In order for BitGo to support the coin, there must be sufficient liquidity in the market on reputable exchanges for a sustained period of time.In general, BitGo would expect to find at least $25M of daily liquidity available on well-known, trustworthy exchanges for a period of 14 days for BitGo to consider the forked coin having real value.

Cost

There is considerable overhead in supporting new coins. Once BitGo issues wallets for a coin, BitGo supports that coin and blockchain essentially forever. Some forks are seemingly simple for BitGo to support. For example, if a forked coin is technologically the same as the original, it may be relatively low cost to support the new coin.

At the same time, some forks or airdrops may be technologically very different from existing supported coins. For example, new airdrops or coins may be built upon different cryptographic algorithms (RSA instead of Elliptic Curve), may have new transaction formats, block formats, multi-signature features, or other changes.

The larger the changes, the higher the cost to support and maintain.In general, if a new fork is costly, but has sufficient value to BitGo customers, BitGo will use its best efforts to enable BitGo customers access to the new coin. However, it may affect the timing under which BitGo can do so.

Timing

New airdrops and forks usually are introduced with some notification before the airdrop or fork occurs. However, sometimes these notification periods can be very short - less than 8 weeks. Additionally, airdrops can be done in such a way that the airdrop later will “expire”, giving implementers only short windows of time to claim the airdrop before the value is lost.

Unfortunately, BitGo cannot guarantee to support new forks or airdrops within any short timeframe. Business obligations, developer availability, and cost are all material factors, and safety, testing, quality, and service are our primary objectives.

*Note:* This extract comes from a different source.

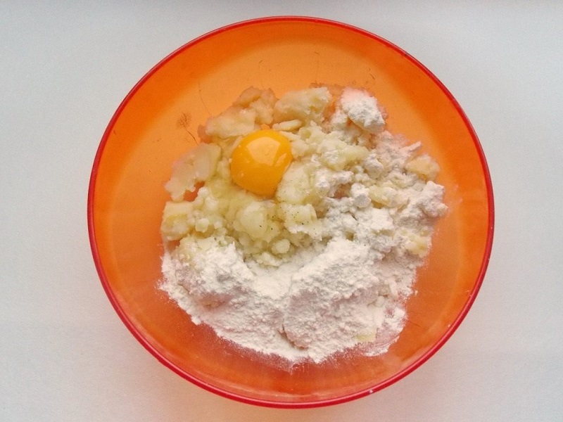 5. Gdy puree jest już chłodniejsze dodaj do niego jajko oraz mąkę, po czym dokładnie zagnieć masę.

While BitGo will do its best to make value available to its customers, we cannot guarantee a specific timeframe when the exact considerations of future forks can be so varied.

Finally, should BitGo elect not to support a fork at one point in time, it does not mean that BitGo will never support that Fork. For example, upon launch, a Fork may not meet the stability market capitalization, or liquidity thresholds for BitGo to support. In the future, should the Fork become viable, BitGo may, at its sole discretion, elect to support the Fork or Airdrop.

Policy

In the event of an upcoming modification to the Bitcoin Network or other applicable Network that could potentially result in a Digital Asset Network Fork or Airdrop, BitGo will use best commercial efforts to provide the value of the forked Digital Asset to Customer.

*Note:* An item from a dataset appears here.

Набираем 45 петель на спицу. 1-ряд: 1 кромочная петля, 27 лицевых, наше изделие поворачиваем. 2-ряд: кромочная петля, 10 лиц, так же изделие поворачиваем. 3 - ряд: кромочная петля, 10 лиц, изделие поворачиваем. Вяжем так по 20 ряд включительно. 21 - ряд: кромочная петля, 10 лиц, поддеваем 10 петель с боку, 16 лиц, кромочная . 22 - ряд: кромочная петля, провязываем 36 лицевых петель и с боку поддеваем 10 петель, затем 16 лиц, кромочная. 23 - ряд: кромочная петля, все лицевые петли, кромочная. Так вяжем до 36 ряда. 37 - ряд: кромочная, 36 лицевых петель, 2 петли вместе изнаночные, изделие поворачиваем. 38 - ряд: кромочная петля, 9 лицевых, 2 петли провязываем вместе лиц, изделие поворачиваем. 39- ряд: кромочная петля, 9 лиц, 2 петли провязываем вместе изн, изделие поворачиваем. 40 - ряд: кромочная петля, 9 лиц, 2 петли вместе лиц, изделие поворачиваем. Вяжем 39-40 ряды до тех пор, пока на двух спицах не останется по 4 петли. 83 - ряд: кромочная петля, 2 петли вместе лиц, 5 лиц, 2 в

However, BitGo’s first concern is always security of Your existing Digital Assets. BitGo, at its sole discretion, may or may not decide to make Digital Assets available to Customer. Additionally, it may take significant time for BitGo to implement or provide access to any Digital Asset created as a result of a Fork. Customer indemnifies BitGo against any direct, indirect, incidental, special or consequential losses due to inability to access any Digital Asset created as a result of a Fork or Airdrop.

In the event that BitGo does consider a Fork to be technically safe with sufficient market value and liquidity, but Customer desires access to the Fork in advance of the timing that BitGo can provide due to cost or timing considerations, BitGo will, in good faith with Customer, determine a product plan to enable Customer to access the value of the Fork or airdrop such that the Customer, at its sole expense, could access the coin.

BitGo reserves the right to update this policy and the criteria for measuring the viability of a Fork or Airdrop from time to time based on new technological, legal, or environmental factors that may emerge.